**Exercise brief**
Write out exactly, please, every line from the beginning of the entries to the line holding "Eine kühle Herbstlandschaft, die", and no pictures.

[Saved entries]
•••
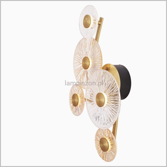 Kinkiet ALLURE wabi swoim wyglądem, łączy w sobie nowoczesność i tradycję. Pięć okrągłych tafli z dekoracyjnego szkła, podświetlonych LEDowymi źródłami światła daje wrażenie magicznego świecącego bukietu. Koła o dwóch różnych średnicach: 12 i 24 cm, są wykonane z bezbarwnego lub miodowego szkła. Odśrodkowy wzór szkła sprawia, że okręgi wyglądają jak kwiaty. Środek każdego kwiatu stanowią metalowe krążki w kolorze matowego złota.
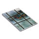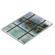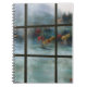 Eine kühle Herbstlandschaft, die durch ein mattiertes Fenster eines Morgens betrachtet wird. Tannen und Kiefern mit eisweißenden Nadeln, Ahorn in Rot-, Orange- und Gelbtönen, frostweißes Gras durch den Nebel aus einem versteckten Bach gesehen. An beiden Seiten des Fensters sind rot-grüne Rose-Blätter angebracht.
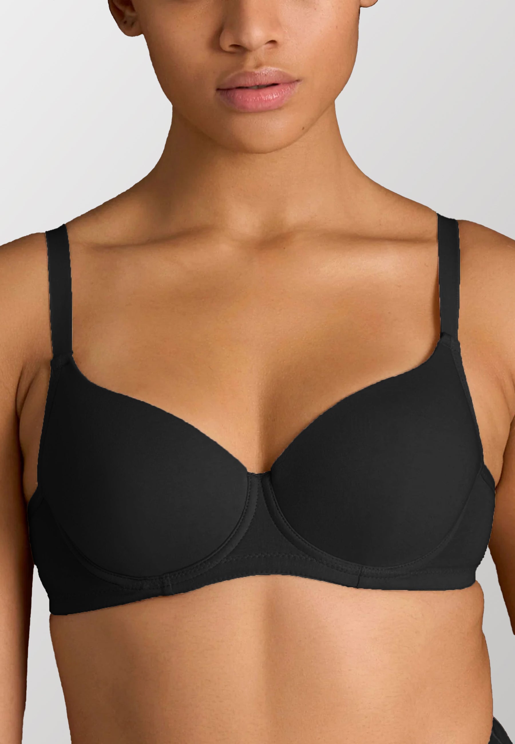 Reggiseno con imbottitura spacer traspirante e ferretto, realizzato in cotone elasticizzato extra fine. Offre supporto stabile e comfort grazie alle spalline regolabili e al design leggero che si adatta al seno senza aggiungere volume. Parte della linea beYOUtiful, celebra ogni donna con una vestibilità armoniosa e una gamma colori pensata per tutte le carnagioni.
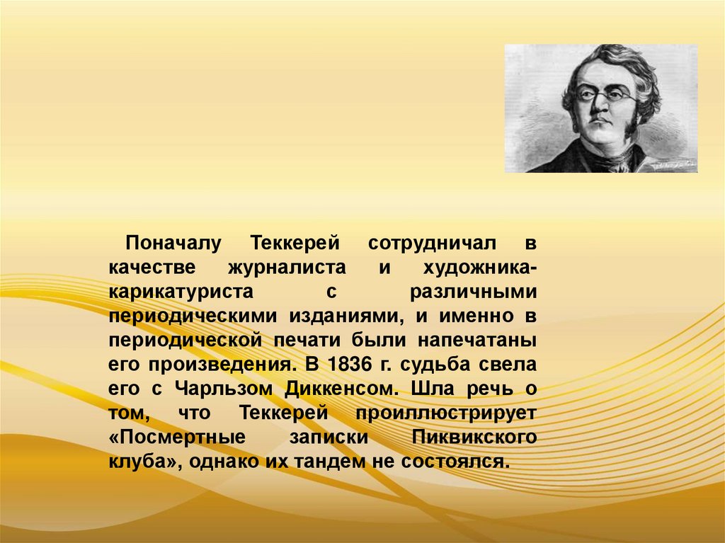 Поначалу Теккерей сотрудничал вкачестве
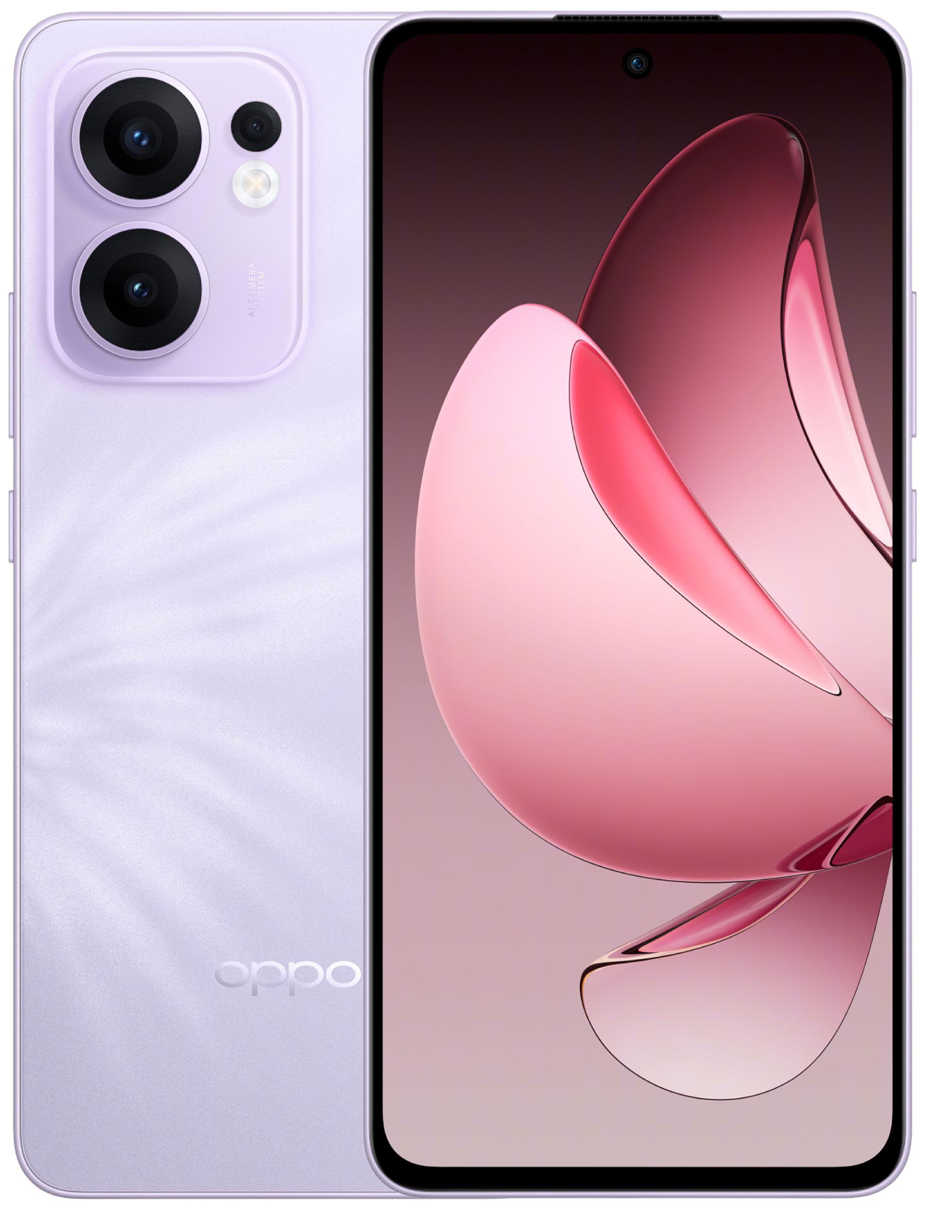 Смартфонът OPPO Reno 13 F 5G в изискан цвят Plum разполага с ултратънък корпус, 50MP AI камера за перфектни портрети, плавен 120Hz AMOLED дисплей и надеждна батерия с технология за бързо зареждане.
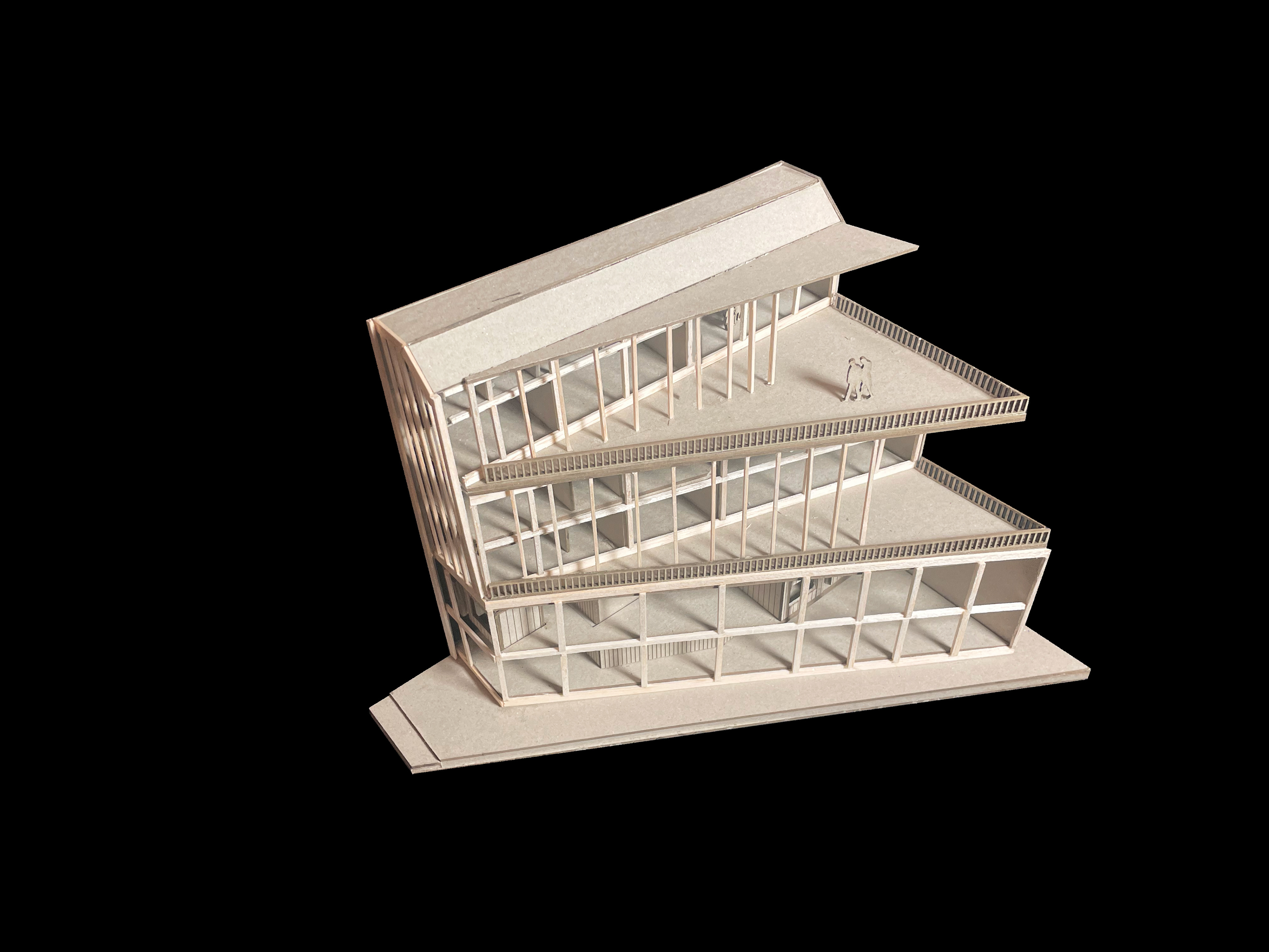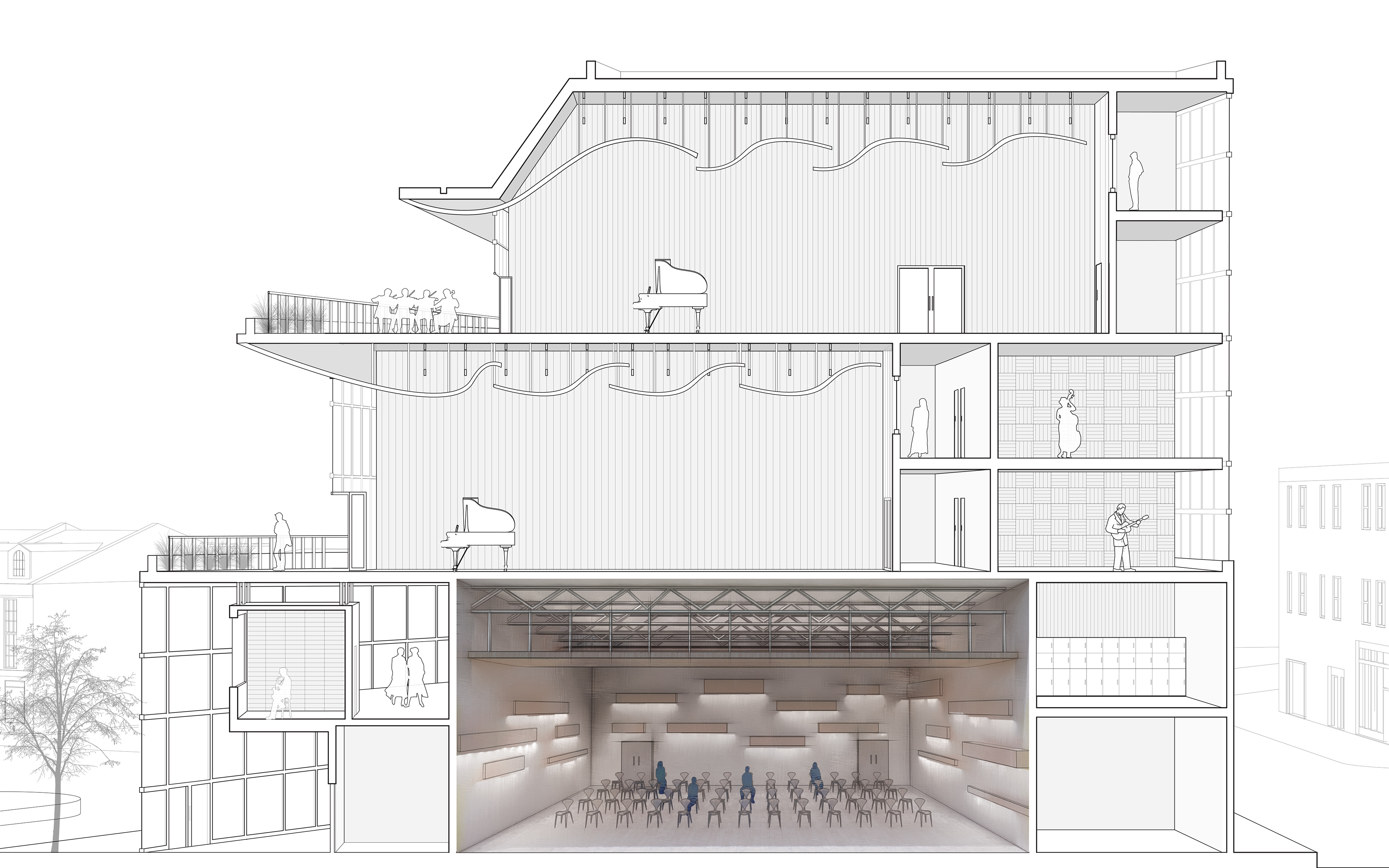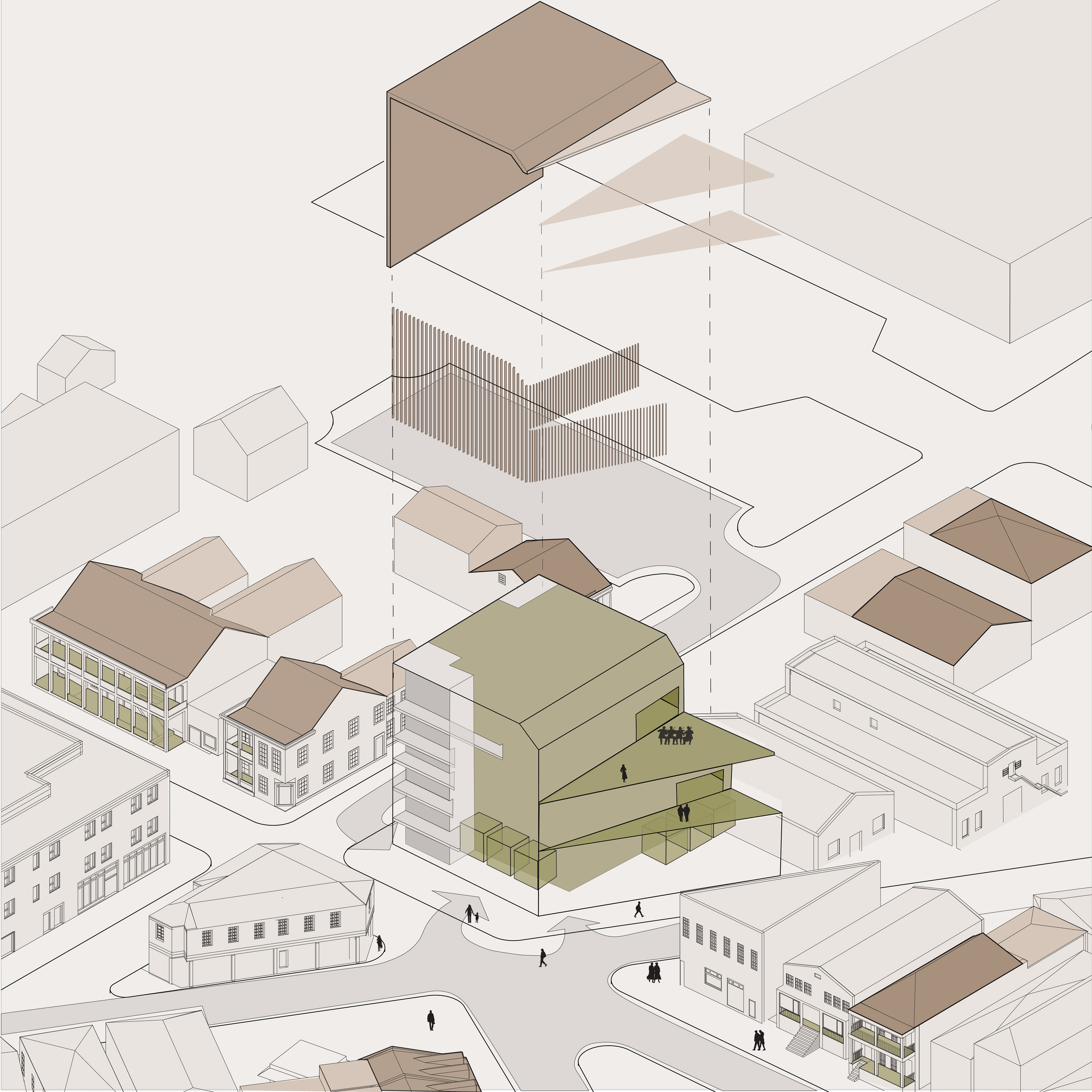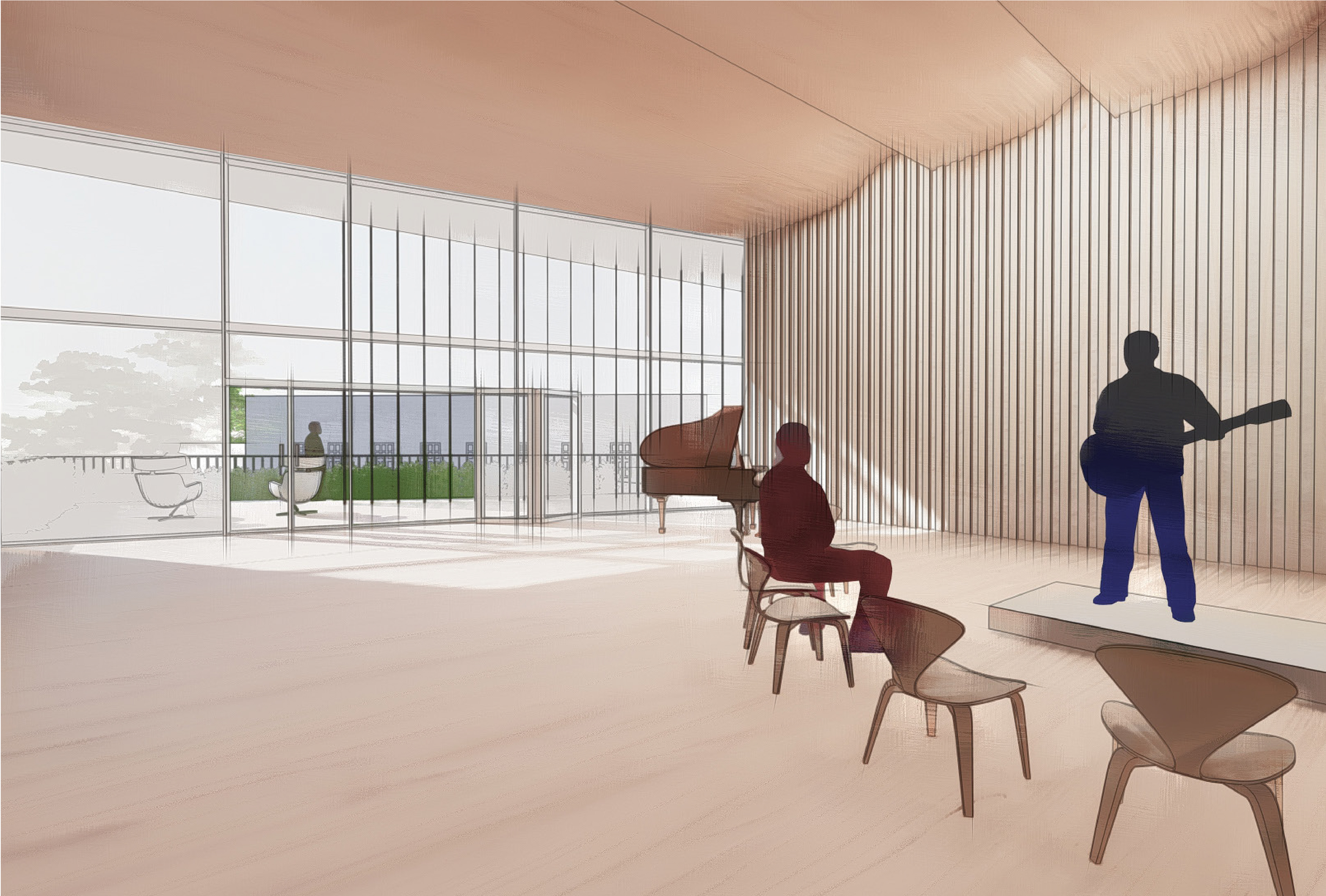 Musical Synthesis, located in New Orleans, Louisiana, is a design proposal for a music school within the Lower Garden District. The project’s main objective is to take elements from the larger context of the city and urban fabric within the surrounding area of the site, in order to create a structure that cohesively blends within them. Through the analysis of New Orleans, the Mississippi River became an important feature in the design and layout of the city with all of the roadways running perpendicularly to it. As a consequence, site boundaries adopted unique geometries, therefore, shaping the city architecture in creative ways. The school takes on the form of the existing site and uses its angle in order to create the most efficient form. Looking to the immediate context, the surrounding area maintains an interesting set of design elements with the use of the Camelback-Style home, multi-level porch, and lower building heights. In order to use these key features, the proposal implements the use of terraces allowing the public to connect with the school as music is being played in the outdoor theater spaces. The glass curtain walls are another design choice that is meant to open up to the street level and creates a blend between the interior of the school and the outside city. In order to shield any harsh natural lighting coming into the building, vertical louvers were placed around the southern and western elevations.
•••
**Answer below**
 Kinkiet ALLURE wabi swoim wyglądem, łączy w sobie nowoczesność i tradycję. Pięć okrągłych tafli z dekoracyjnego szkła, podświetlonych LEDowymi źródłami światła daje wrażenie magicznego świecącego bukietu. Koła o dwóch różnych średnicach: 12 i 24 cm, są wykonane z bezbarwnego lub miodowego szkła. Odśrodkowy wzór szkła sprawia, że okręgi wyglądają jak kwiaty. Środek każdego kwiatu stanowią metalowe krążki w kolorze matowego złota.
 Eine kühle Herbstlandschaft, die durch ein mattiertes Fenster eines Morgens betrachtet wird. Tannen und Kiefern mit eisweißenden Nadeln, Ahorn in Rot-, Orange- und Gelbtönen, frostweißes Gras durch den Nebel aus einem versteckten Bach gesehen. An beiden Seiten des Fensters sind rot-grüne Rose-Blätter angebracht.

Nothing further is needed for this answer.